Output each record below exactly, leaving any picture out of the copy.
━━ SOURCE MATERIAL
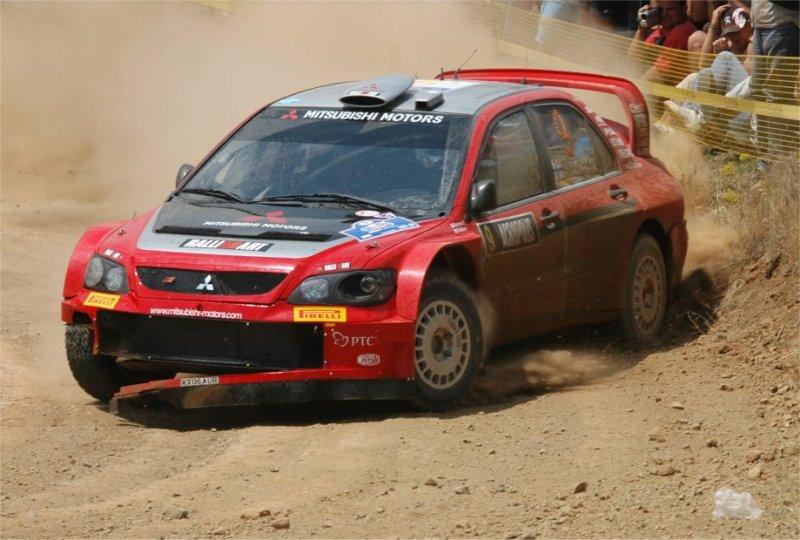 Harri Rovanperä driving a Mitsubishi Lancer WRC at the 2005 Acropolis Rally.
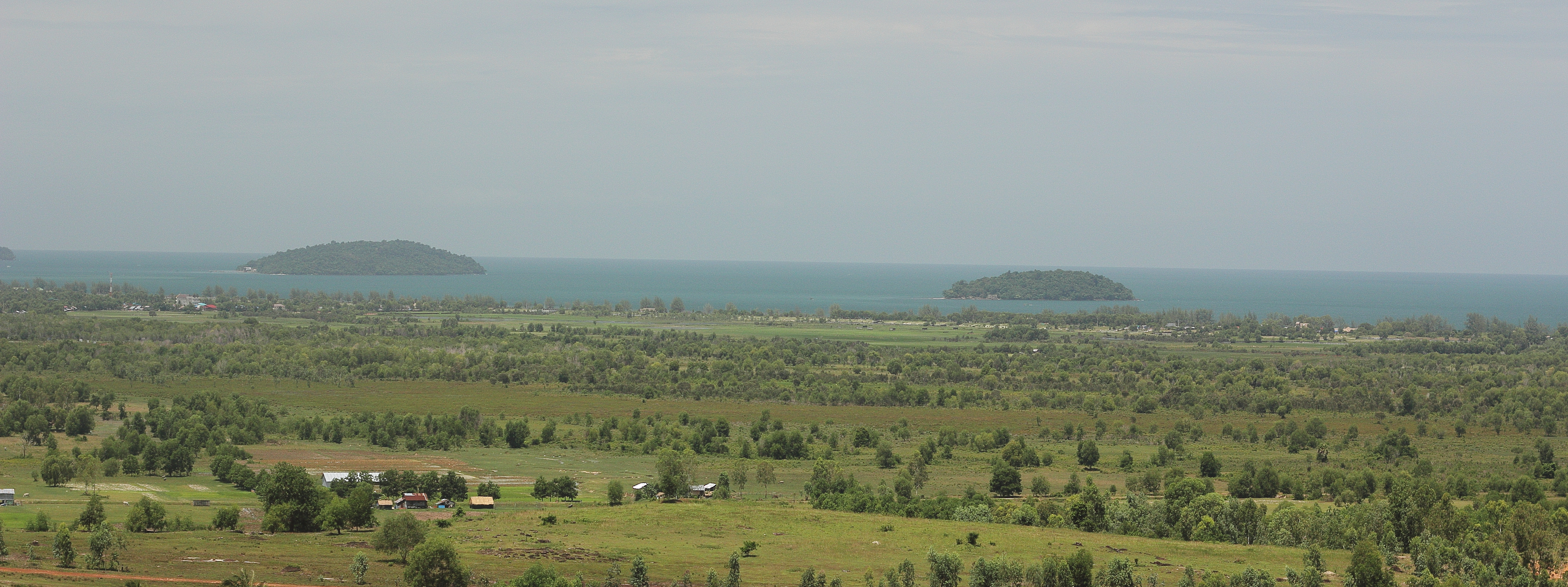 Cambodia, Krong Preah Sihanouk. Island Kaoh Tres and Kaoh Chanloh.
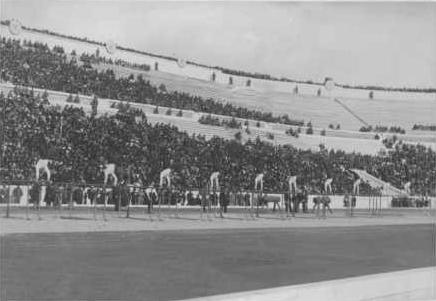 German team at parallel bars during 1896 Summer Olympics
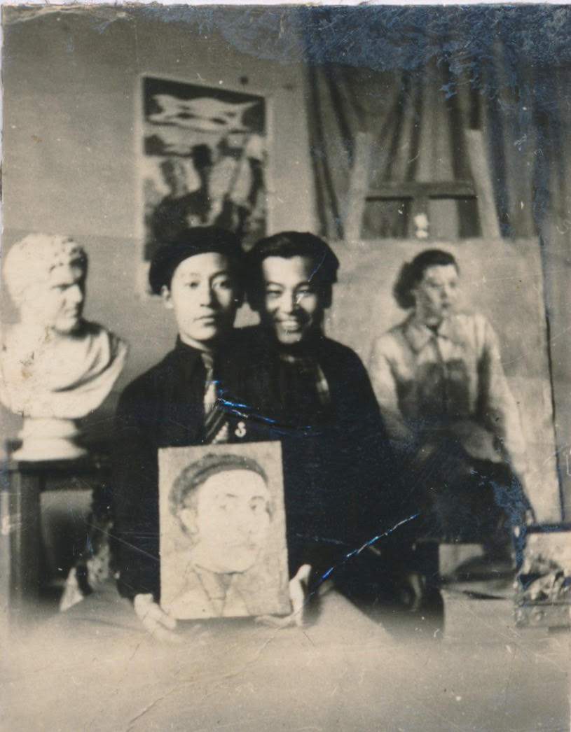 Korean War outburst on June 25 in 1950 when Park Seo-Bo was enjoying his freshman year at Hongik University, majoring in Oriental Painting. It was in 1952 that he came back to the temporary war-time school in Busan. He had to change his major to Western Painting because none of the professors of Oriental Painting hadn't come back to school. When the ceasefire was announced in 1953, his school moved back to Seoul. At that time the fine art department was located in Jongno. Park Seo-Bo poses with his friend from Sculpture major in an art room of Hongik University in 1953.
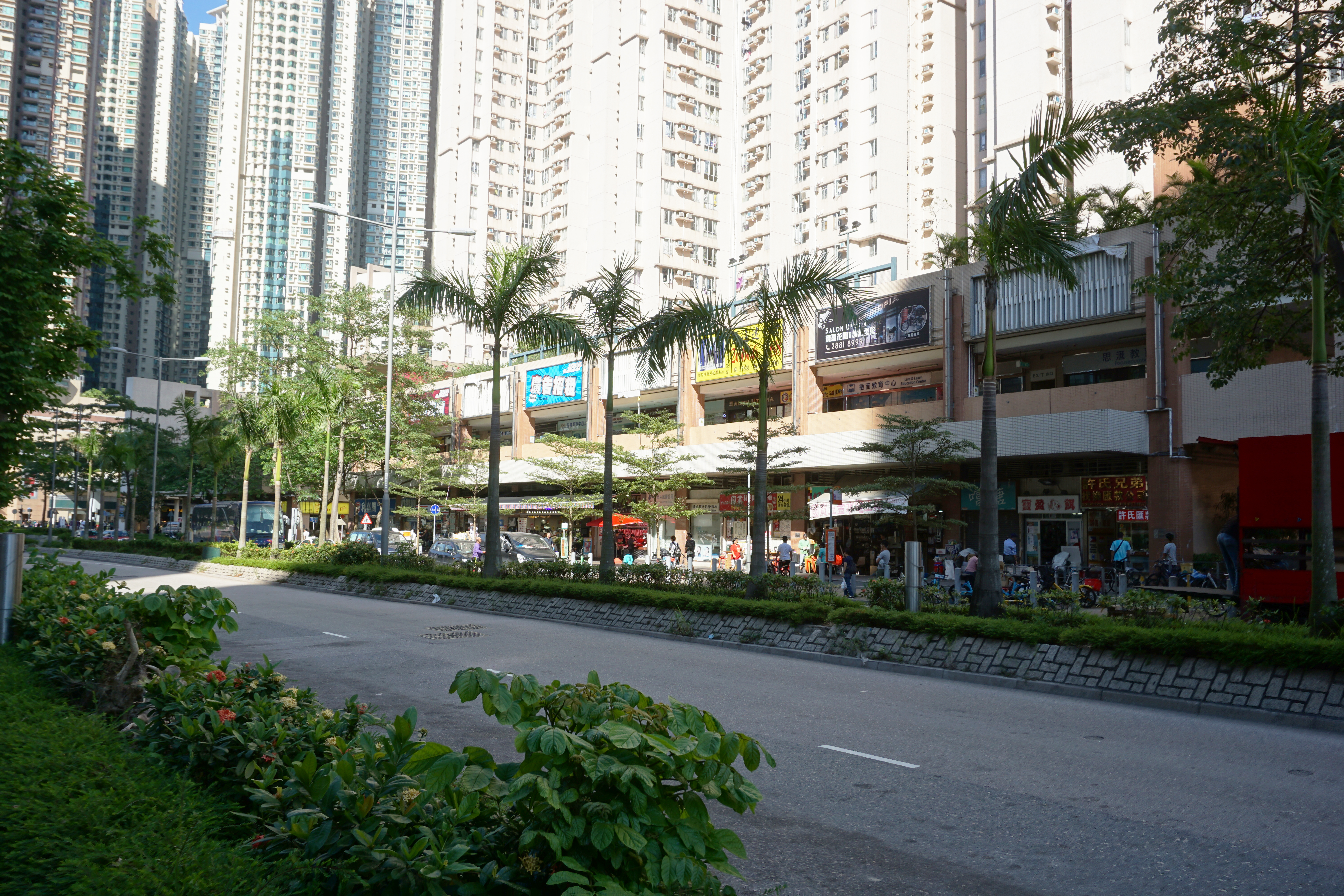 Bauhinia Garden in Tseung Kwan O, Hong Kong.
━━━━
**RESULT OF THIS EXERCISE:**
 Harri Rovanperä driving a Mitsubishi Lancer WRC at the 2005 Acropolis Rally.
 Cambodia, Krong Preah Sihanouk. Island Kaoh Tres and Kaoh Chanloh.
 German team at parallel bars during 1896 Summer Olympics
 Korean War outburst on June 25 in 1950 when Park Seo-Bo was enjoying his freshman year at Hongik University, majoring in Oriental Painting. It was in 1952 that he came back to the temporary war-time school in Busan. He had to change his major to Western Painting because none of the professors of Oriental Painting hadn't come back to school. When the ceasefire was announced in 1953, his school moved back to Seoul. At that time the fine art department was located in Jongno. Park Seo-Bo poses with his friend from Sculpture major in an art room of Hongik University in 1953.
 Bauhinia Garden in Tseung Kwan O, Hong Kong.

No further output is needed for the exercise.